After-school care subsidy slashed

The Ministry of Social Development has rejected a funding application for $200,000 from Kidicorp to operate their after-school care programmes. This is a subsidy to private enterprise. Being against subsidies, at first glance I would agree with the decision.

But there is more that we don't yet know. MSD also subsidises parents for after school care costs. It appears that subsidy is contingent on the programme meeting safety and quality standards set by CYF (yes, there is some irony there.) Assuming the Kidicorp centres are approved (they have after all been receiving funding) then some parents are able to receive assistance towards costs. That assistance increased with the WFF programme and the government may now consider the provider subsidy is no longer warranted.

The owner of Kidicorp says he will

... have to put forward $400,000 to cover the cost of the service to keep it running.


He doesn't comment on whether that is feasible long term. It may be, in which case he didn't need the subsidy.
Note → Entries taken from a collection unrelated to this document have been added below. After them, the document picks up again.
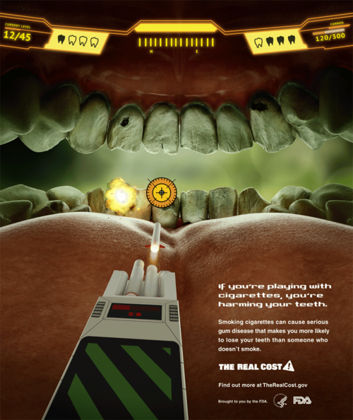 Le FDA vient de lancer une campagne de prévention pour couper l'envie de fumer aux adolescents. Sur trois des spots TV, deux sont particulièrement insoutenables. L'idée pour cette administration, est de démontrer le coût de la cigarette et ses conséquences. Ainsi, puisque fumer abîme la peau, une jeune fille qui s'apprête à régler ses cigarettes et qui n'a pas la somme nécessaire, doit s'arracher la peau du visage pour payer son paquet. Même scénario pour le jeune homme qui, lui, s'arrache une dent abimée par le tabac pour payer son paquet.
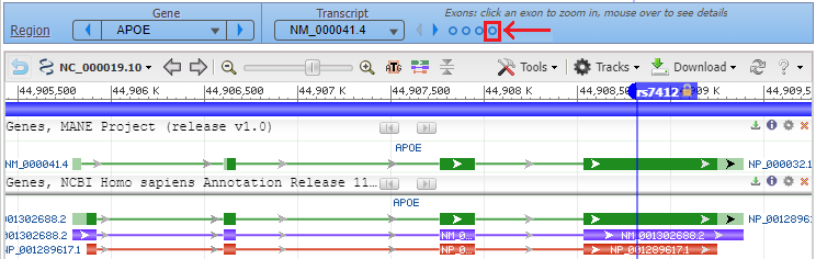 6. Click the back button on your browser to see all four exons, with the marker for rs7412 in the fourth exon. Hover your cursor over the fourth circle without clicking (red box), and the fourth exon will be highlighted. Then click on the fourth circle to show the entire sequence of the fourth exon (second image below).
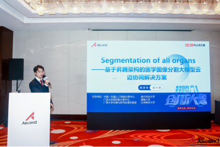 2024年12月19日,昇腾AI创新大赛2024全国总决赛在福建厦门成功举办。在学者院士、人工智能领军企业代表以及昇腾技术专家等专业评审的公开评选中,由3522vip浦京集团官网教师张学军教授团队指导,2023级电子通信专业研究生段太森同学负责的智慧医疗团队“基于MindSpore的医学图像分割大模型云边协同解决方案”项目获得高校赛道铜奖!

Doing the maths the shortfall amounts to an average of $20 per week per child. If Mr Wright can't fund it then either the parents will have to find the extra -possibly through a subsidy they haven't previously made use of - or they may consider moving their child elsewhere. (Or they could return to a benefit which would cost the government a great deal more.)

Other OSCAR programmes operate at schools although I believe places are generally tight. But the government is doubtless providing funding for these as well. So I am somewhat worried that this is another attack on the private sector at the benefit of the state sector, similar to what we saw with the 20 free hours of pre-school education. Which wouldn't have seemed odd under a Labour government but under the new National administration?

It is one of those stories which will develop and more will doubtless be revealed. At the moment the Ministry isn't commenting on the rationale.

Need I say it, leaving more money with the earner in the first instance would make more available to fully fund private programmes. Why we even need these programmes is another debate for another day.

2 comments:

Anonymous said...

"Doing the maths the shortfall amounts to an average of $20 per week per child. If Mr Wright can't fund it then either the parents will have to find the extra -possibly through a subsidy they haven't previously made use of - or they may consider moving their child elsewhere. (Or they could return to a benefit which would cost the government a great deal more.)"

The parents are presumably working full time, which is why they would need to use the afterschool programme, an extra $20 per child per week doesn't seem that much, less than the cost of a cup of coffee a day. I don't see what the problem is.

Anonymous said...

Its just a fatcat having a moan about having the goose laying its golden egg somewhere else.

Multi millionaire Wayne Wright is in business for the bottom line, an altruist he aint.